Machine learning informed by a new set of digital attributes will help materials scientists to discover key information without a supercomputer, boosting research ranging from solar energy to green hydrogen.
Generating important data about how materials are expected to behave has previously required complicated calculations such as density functional theory (DFT), which can take hours or even days using a supercomputer. Such in-demand infrastructure is rare and hard to access, limiting our capacity to uncover new knowledge and solve global problems.
Machine learning models offer a quicker, cheaper alternative to supercomputing. By using a small, incomplete part of a full DFT calculation, they can be trained to rapidly generate the same accurate results – and save time, money, and energy in the process.
Large, raw data sets about materials are now available for analysis by machine learning models, but first it’s necessary to pick a group of attributes or ‘descriptors’ that can map the structure of a material against its other relevant properties.
That’s where ROSA (robust one-shot ab initio) descriptors come in.
Generated using the energetic qualities of a material, researchers from the ARC Centre of Excellence in Exciton Science have used ROSA descriptors to train machine learning models with impressive results.
Their work has been published in the Journal of Cheminformatics and is available here.
First author Dr Sherif Abdulkader Tawfik Abbas, a member of Deakin University’s Institute for Frontier Materials, said: “We thought, how about instead of the whole DFT calculation, we just do one little step of it?’
“We give it just a flavour and then we rely on the machine learning model to fill in the gap. From the flavour to the full meal.”

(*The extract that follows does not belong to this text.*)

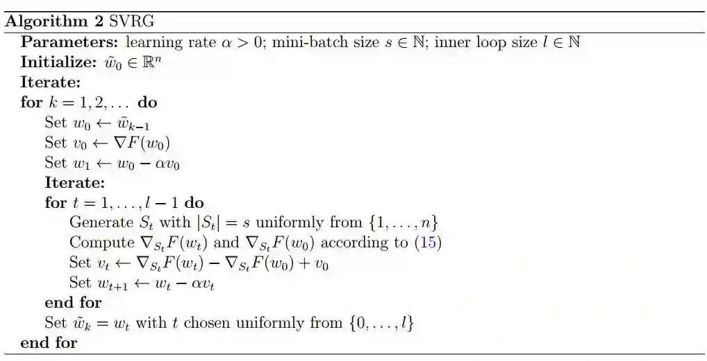 为了方便引用,我们把 SVRG 叫做算法 2。该算法在每个外部迭代中执行一次完整的梯度计算,然后沿着随机方向再迭代 L 步,这是整个梯度的随机修正过程。内环步长 L(inner loop size)必须满足一定的条件以保证收敛 [ 44 ]。

Developed in conjunction with Professor Salvy Russo of RMIT University, the descriptors have produced accurate predictions about the characteristics of crystals, metal-organic frameworks and molecules.
“The cool thing about this work is how many properties these descriptors were able to predict,” Sherif said.
ROSA descriptors have been able to predict an abundance of useful data with a high degree of accuracy, including band gap and formation energies, as well as mechanical and vibrational properties of materials, and even molecular properties.
“Formation energy is necessary for predicting the thermodynamic stability of a material,” Sherif said.
“The mechanical property tells us how hard the material is in response to mechanical strain and the vibrational property tells us how stable a material is in response to small thermal disturbances.”
The information about molecules generated via ROSA is particularly helpful, with the models predicting the HOMO-LUMO gap and the free energy of molecules, which are equivalent to the band gap and formation energy respectively in materials. The isotropic polarizability, which is an important property of molecules, was also predicted - all with a very high degree of accuracy.
According to Sherif, ROSA should prove versatile and effective for a wide range of chemists and materials scientists, including researchers working on solar energy, catalysis for efficient chemical reactions and semiconductor devices.
He said: “What can people use ROSA for? Anyone who is applying machine learning to material science. There is a large range of descriptors available in the literature. People use them for all sorts of materials properties prediction. Anyone who’s dealing with materials or molecules can definitely make use of ROSA.”